Endianness macro in C

Question

I recently saw this post about endianness macros in C and I can't really wrap my head around the first answer.

Code supporting arbitrary byte orders, ready to be put into a file called order32.h:

#ifndef ORDER32_H
#define ORDER32_H

#include <limits.h>
#include <stdint.h>

#if CHAR_BIT != 8
#error "unsupported char size"
#endif

enum
{
    O32_LITTLE_ENDIAN = 0x03020100ul,
    O32_BIG_ENDIAN = 0x00010203ul,
    O32_PDP_ENDIAN = 0x01000302ul
};

static const union { unsigned char bytes[4]; uint32_t value; } o32_host_order =
    { { 0, 1, 2, 3 } };

#define O32_HOST_ORDER (o32_host_order.value)

#endif

You would check for little endian systems via

O32_HOST_ORDER == O32_LITTLE_ENDIAN

I do understand endianness in general. This is how I understand the code:

1. Create example of little, middle and big endianness.
2. Compare test case to examples of little, middle and big endianness and decide what type the host machine is of.

What I don't understand are the following aspects:

1. Why is an union needed to store the test-case? Isn't uint32_t guaranteed to be able to hold 32 bits/4 bytes as needed? And what does the assignment { { 0, 1, 2, 3 } } mean? It assigns the value to the union, but why the strange markup with two braces?
2. Why the check for CHAR_BIT? One comment mentions that it would be more useful to check UINT8_MAX? Why is char even used here, when it's not guaranteed to be 8 bits wide? Why not just use uint8_t? I found this link to Google-Devs github. They don't rely on this check... Could someone please elaborate?

Answer 1

Why is a union needed to store the test case?

    The entire point of the test is to alias the array with the magic value the array will create.

Isn't uint32_t guaranteed to be able to hold 32 bits/4 bytes as needed?

    Well, more-or-less. It will but other than 32 bits there are no guarantees. It would fail only on some really fringe architecture you will never encounter.

And what does the assignment { { 0, 1, 2, 3 } } mean?
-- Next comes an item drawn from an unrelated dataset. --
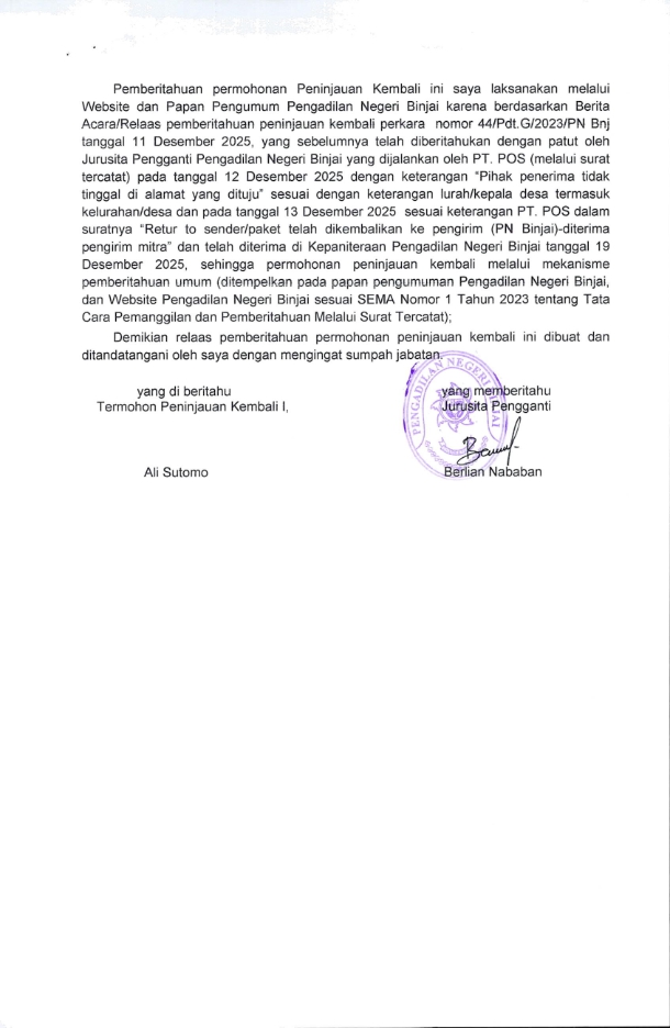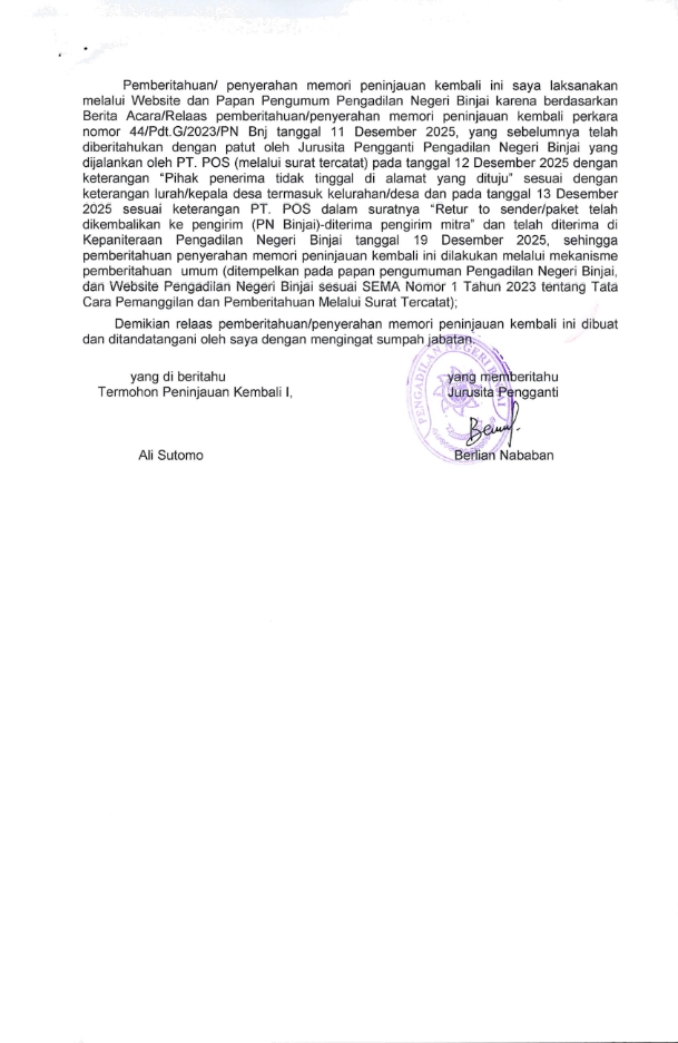 09 Januari 2026 RELAS PENYERAHAN MEMORI PENINJAUAN KEMBALI KEPADA TERMOHON PENINJAUAN KEMBALI Nomor: 44/Pdt.G/2023/PN Bnj, jo. Nomor: 420/Pdt/2024/PT MDN, jo. Nomor: 814 K/PDT/2025/ jo. Nomor: 3/Pdt. PK/2025/PN Bnj on Jumat, 09 Januari 2026. Posted in Relaas Panggilan Continue Reading
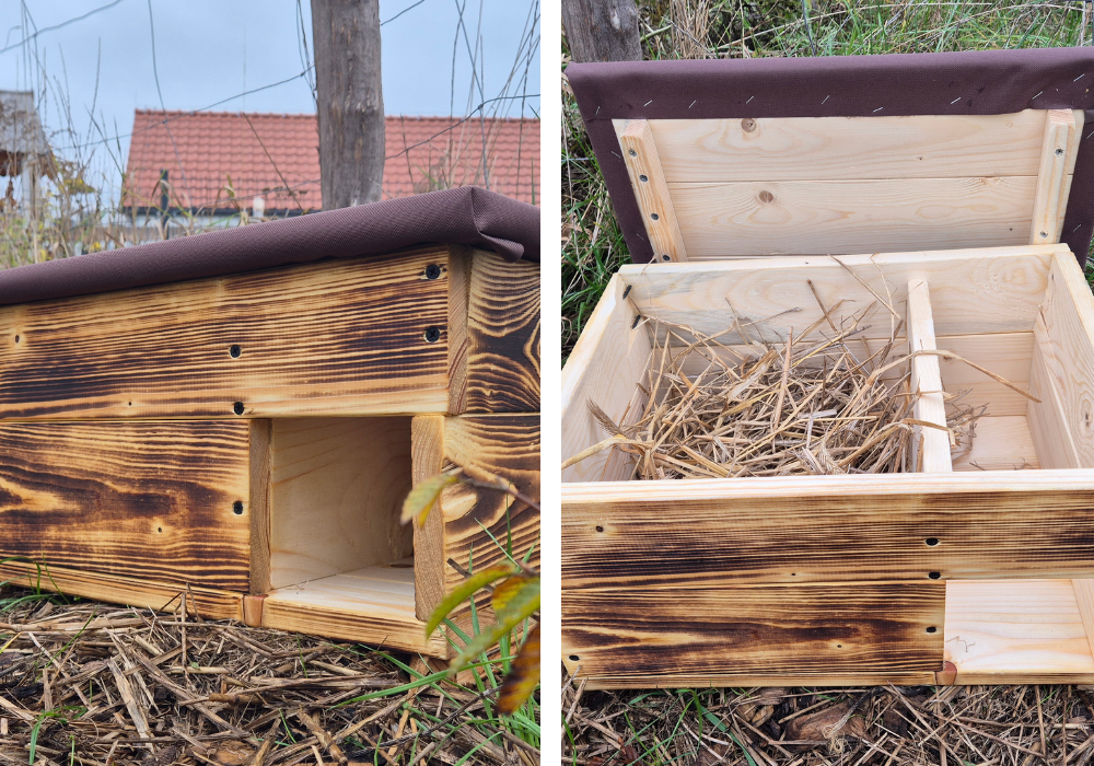 Jeśli chcemy, żeby ten sympatyczny ssak przespał mrozy w naszym ogrodzie, wystarczy stworzyć mu właściwą kryjówkę. Wystarczy zbić kilka desek, tworząc skrzynkę o wymiarach 30 na 30 centymetrów z niewielkim otworem, a najlepiej dodatkową przegrodą wewnątrz tak, by śpiący jeż nie został zaatakowany przez większe drapieżniki. Na dnie warto wysypać np. trociny dla większej wygody i izolacji legowiska oraz miseczkę z wodą. Taką jeżową chatkę można dodatkowo przysypać liśćmi lub gałęziami i czekać na lokatora.

It assigns the value to the union, but why the strange markup with two braces?

    The inner brace is for the array.

Why the check for CHAR_BIT?

    Because that's the actual guarantee. If that doesn't blow up, everything will work.

One comment mentions that it would be more useful to check UINT8_MAX? Why is char even used here, when it's not guaranteed to be 8 bits wide?

    Because in fact it always is, these days.

Why not just use uint8_t? I found this link to Google-Devs github. They don't rely on this check... Could someone please elaborate?

    Lots of other choices would work also.

Answer 2

The initialization has two set of braces because the inner braces initialize the bytes array. So byte[0] is 0, byte[1] is 1, etc.

The union allows a uint32_t to lie on the same bytes as the char array and be interpreted in whatever the machine's endianness is. So if the machine is little endian, 0 is in the low order byte and 3 is in the high order byte of value. Conversely, if the machine is big endian, 0 is in the high order byte and 3 is in the low order byte of value.

Answer 3

{{0, 1, 2, 3}} is the initializer for the union, which will result in bytes component being filled with [0, 1, 2, 3].

Now, since the bytes array and the uint32_t occupy the same space, you can read the same value as a native 32-bit integer. The value of that integer shows you how the array was shuffled - which really means which endian system are you using.

There are only 3 popular possibilities here - O32_LITTLE_ENDIAN, O32_BIG_ENDIAN, and O32_PDP_ENDIAN.

As for the char / uint8_t - I don't know. I think it makes more sense to just use uint_8 with no checks.